This isn't taxonomy for taxonomy's sake. Each tier demands different modeling strategies, training data, and evaluation metrics. Low-Level Visual is closer to frame-wise change detection; Composite requires long-context reasoning.


5. Multimodal Grounding: Beyond Text

There's a recurring constraint we hit in enterprise video segmentation: text alone often can't specify what to look for.

Why Text Isn't Enough

Take a travel content platform. The problem they want to solve:

Across tens of thousands of vlogs by foreign visitors to Seoul, find every moment "N Seoul Tower" appears on screen. And classify whether it's a distant establishing shot from the Han River or city skyline, a cut while walking through Namsan Park, a close-up from the observation deck, or a night-time light-up.

Text alone doesn't cut it.
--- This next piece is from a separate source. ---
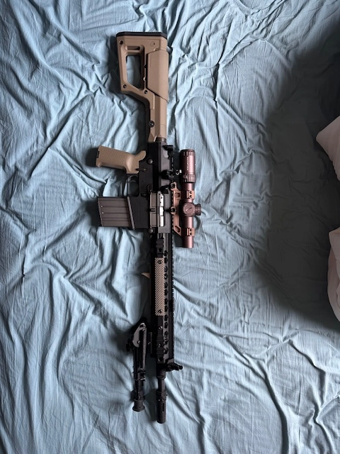 Lunette, crosse magpul RS, poignée magpul, bipied type Harris, rail URX.

Just because a model knows the name "N Seoul Tower" doesn't mean it can reliably summon the visual appearance. Linguistic recognition and visual identification of a specific entity are separable problems in video-language models. Depending on training distribution, the visual representation may be fuzzy, or it may get confused with similar-looking broadcasting towers like Tokyo Tower or the CN Tower. Hand the model a single reference image of N Seoul Tower, and now it has a visual-embedding anchor to compare directly against video frames. The "translate text into vision" burden disappears.

The Entity Reference System

TBM supports media_sources. You insert <reference_name> tags inside a segment definition, and the model can point to user-registered reference images directly from the prose.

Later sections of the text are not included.